Expression Patterns of microRNAs and Associated Target Genes in Ulcerated Primary Cutaneous Melanoma.

Ulcerated cutaneous melanoma carries a poor prognosis, and the underlying biology driving its aggressive behavior is largely unexplored. MicroRNAs (miRs) are small, noncoding RNAs that inhibit the expression of specific genes and exhibit dysregulated expression patterns in cancer. We hypothesized that a unique miR profile exists in ulcerated relative to nonulcerated melanoma and that miR expression inversely correlates with target genes of biologic importance. Expression of miRs and mRNAs was assessed in ulcerated and nonulcerated cutaneous melanomas using the NanoString Human miRNA and Tumor Signaling 360 mRNA assays and validated in an independent cohort. Pathway enrichment and functional annotations for differentially expressed miRs and mRNAs were determined using publicly available databases. Pearson correlations were employed to predict potential miR‒mRNA binding pairs.
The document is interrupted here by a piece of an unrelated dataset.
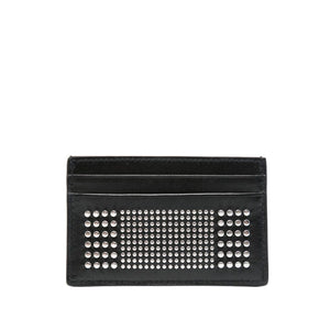 black calf leather silver-tone stud detailing card slots Studded leather card case Size and Fit - Width 4,33 in / 11 cm

Ulcerated melanoma tissue showed at least 1.5-fold change in relative expression of 24 miRs, including miR-206, miR-1-3p, and miR-4286 (>2.25-fold decrease, P < 0.048) and miR-146a-5p, miR-196b-5p, and miR-363-3p (>2.5-fold increase, P < 0.014). Ulcerated melanomas also had 21 differentially expressed mRNAs relative to nonulcerated tumors (P < 0.01), among which two had an inverse correlation in expression with regulatory miRs (SOCS3 and miR-218-5p and IL7R and miR-376c-5p). This miR expression profile adds to the molecular characterization of the poorly understood histopathologic phenotype of ulcerated melanoma.